The lessons to be learnt are two-fold. From the grounds of human rights, the young boxer must fight for what is duly his within the rules of the sport. Other emerging boxers who are monitoring this matter must understand that education is key. If you are not educated, surround yourself with as many who can advise and help avoid stepping on such land mines.

There is also the angle of compromise. Hypothetically if Micah manages his emotions and hurt from all that has gone on and sees out the remainder of his contract, it could help him a great deal. This is especially because COVID-19 wiped out the better part of 2020 in terms of boxing promotional activity. Some valuable time has been lost, and both parties could have made good of that time if covid-19 hadn’t struck.

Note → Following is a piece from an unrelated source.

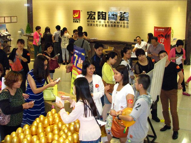 4月26日中午刚刚下过一阵倾盆大雨,天空露出了灿烂的笑脸。就在这天下午两点时分,宏陶陶瓷佛山三水经销商刚在三水举行7周年店庆后,领着60多位VIP客户直奔宏陶品牌总部展厅,举行了一次别开生面的开心团购活动。
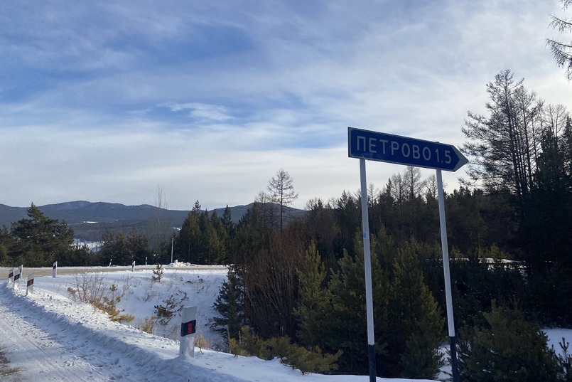 В поселок Бугульдейка ведут две дороги, мы свернули на ту, где была вывеска Петрово — дорога лучше. Практически сразу же начинается гравийка. Мы комфортно ехали со скоростью 80 километров в час и никакой тряски не чувствовали. Дорога практически прямая с небольшими подъёмами и спусками. Местами густой хвойный лес красиво сдвигается прямо к обочине. Примерно через 25 минут, на 38 километре, будет отворот направо, чуть в горку – туда-то нам и нужно. Машина резво забралась в горку по заснеженной дороге. Оставили автомобиль у знаков и дальше пошли пешком.

When Joshua Clottey signed with Vinny Scoplino, they had issues but one way or the other, they found a meeting point. Even in the case of his former manager, Mr Annan, he had to ensure some months of frustration before eventually weaning himself off. The other unavoidable truth about the sport of boxing is that it is a torrid ground of bulldozing and one must have a tough skin to survive.    

Moving forward

The boxer is willing to bounce back and is scheduled to travel back to his base in the US. One good step he took was to make peace with his former trainer, Lawrence Carl Lokko, head trainer of the Bronx Boxing Gym in Accra.

The two had been on a warpath due to some allegations made by the boxer against the trainer complicated with some social media posts. That episode is behind the two now and the boxer has been seen training in the Bronx Gym in James Town Accra again with Carl Lokko.

He also expressed the desire to jump into the ring and vie again, with the condition being that all these issues are sorted out.

From his own words, Micah clearly requires to be psyched up by a professional to transform the memory of the September 26 gloom into a point of motivation to fight back.

The good thing is that at least in all of this, he is content with what he earned from the bout and what his environment at home is doing for him. Micah feels happy about the fact that he has purchased a small house and a car and is able to provide for the needs of his two kids and girlfriend.

“I promise Ghanaians fireworks in 2021. What has happened in the past is gone and I am glad I can see my kids and my girlfriend around me. It makes me feel good. All I need now is support from the government,” he said. In all the turbulence, something positive can emerge and I hope Micah will open his eyes and see.